Last Updated on December 23, 2020 by Editorial Team
Author(s): Louis (What’s AI) Bouchard
What if we could replace all this with artificial intelligence by analyzing weather patterns of the past 40 years to predict the future?
The current traditional approach for weather forecasting uses what we call “Numerical weather prediction” models. It uses mathematical models of the atmosphere and oceans to predict the weather based on the current conditions. It was first introduced in the 1920s and produced realistic results in the 1950s using computer simulations. These mathematical models work for predicting both short and long-term forecasts. But it’s heavy in computation and cannot base its predictions on as much data as a deep neural network. This is partly why it is so promising. These current numerical weather prediction models already use machine learning to improve the forecasts as a post-processing tool.

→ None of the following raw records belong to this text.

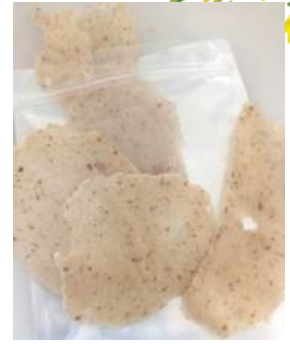
Bánh phồng nếp nấm thành phẩm

còn tạo ra dòng thực phẩm giàu chất xơ, đáp ứng nhu cầu thực phẩm chức năng và tốt cho sức khỏe của nhóm người tiêu dùng hiện đại, đặc biệt là những người ăn chay hoặc quan tâm đến sức khỏe.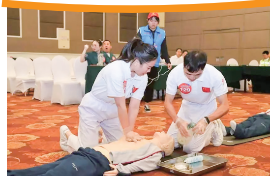
在心胸血管麻醉学会(CSCTVA)第三届全国心肺复苏技能竞赛全国总决赛中获团队二等奖。

“我院要借助好广东省人民医院的资源优势和品牌效应，学习引进先进的管理经验，不断深化巩固高水平医院建设成果，全方位推动医院新一轮发展。”陈赞雄表示，医院把党建工作融入医疗业务工作中，以高质量党建引领高质量发展；同时强化化学科建设和人才培养，在打造重点专科学科、攻克新技术新项目上创特色。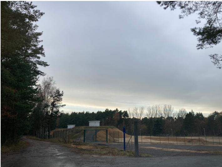
Wasserwerk Boxberg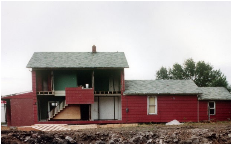
Gordon Matta-Clark, Bingo, 1974, Niagra Falls, New York Photographie argentique, dimensions variables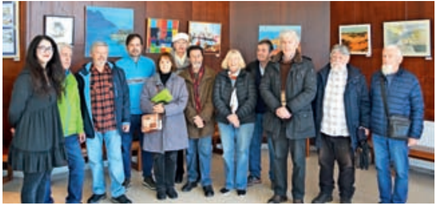
Utrinek z odprtja razstave del likovnikov Jasne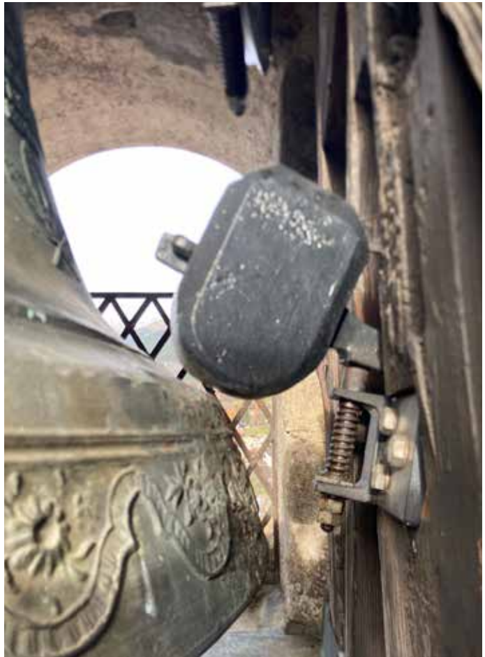
Schlägt die Glocke schneller, wirft es den «Zwölfischtai» aus der Bahn: Schlagwerk der Kirche Filisur.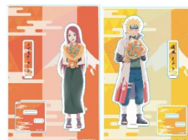
アクリルスタンド ※イメージ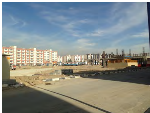
تصویر ۴: تراکم ناموزون، ایجاد یک پهنه خدماتی وسیع و متمرکز و تراکم بالای ساختمانی.

ایجاد رونق‌بخشی و پویایی محیط ایفا می‌کنند. وجود این فضاهای مکث می‌تواند به کنش‌های تعاملی میان ساکنان منجر شود. اما متأسفانه با توجه به فقدان برنامه‌ریزی مناسب در این خصوص و توجه به استفاده حداکثری از اراضی جهت جانمایی بیشینه تعداد واحدهای مسکونی، این اصل مهم به دست فراموشی سپرده شده و آنچه از عرصه باقی می‌ماند به عنوان مسیرهای ارتباطی با الویت حرکت سواره اختصاص داده می‌شوند، و عملاً فضاهای انسان محور، که شرط لازم ارتقای سطح کیفی فضا هستند در برنامه طراحی جایی ندارند (تصویر ۸).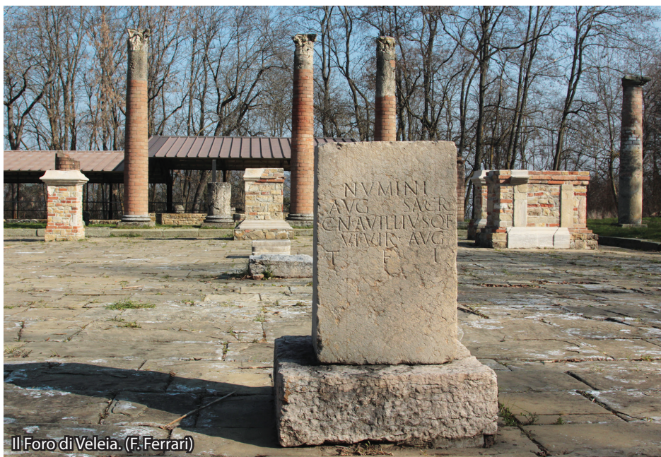
Il Foro di Veleia. (F. Ferrari)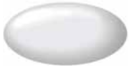
Superior White 26U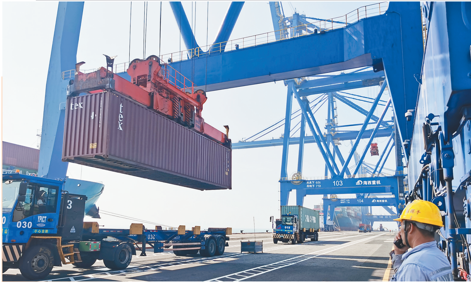
洋浦国际集装箱码头指挥手李开志指挥岸桥操作手卸货作业。

Weather forecasting is receiving more and more attention from machine learning researchers, already yielding promising results.
“Improving Data-Driven Global Weather Prediction Using Deep Convolutional Neural Networks on a Cubed Sphere” is a recent paper published by researchers from the University of Washington in collaboration with Microsoft research. They proposed a new weather forecasting framework using convolutional neural networks (CNNs) producing stable forecasts and realistic weather patterns at lead times of several weeks and longer. The model even significantly outperforms many other techniques for short and medium-range forecasting. But as they say, it currently does not compete with current operational weather forecasting systems in numerical weather prediction, but this data-driven CNN is much faster and is always improving. Showing that machine learning is definitely a valuable tool in weather forecasting and could eventually replace current approaches giving both faster and more accurate predictions. If you are not familiar with the concept of CNNs, I strongly invite you to check out this video I made explaining what they are and how they work.
They called their method the Deep Learning Weather Prediction (DLWP). It takes an initial atmospheric state as inputs and predicts a state of the atmosphere at a given future time. It does that by learning from historical observations of the weather. Of course, these historical observations are the data fed to the network in the training phase. Which allows it to “use” its knowledge to make its predictions.
More details about the DLWP method
This is achieved in three steps. The first step is all about mapping the predictions. As you may know, the most used coordinate system for the Earth is a latitude and longitude grid. But this coordinate system has a problem for neural networks because there are singularities. Indeed, both poles directly jump from 0 longitude degrees to 180 longitude degrees. Making it very difficult to use deep learning networks with this grid.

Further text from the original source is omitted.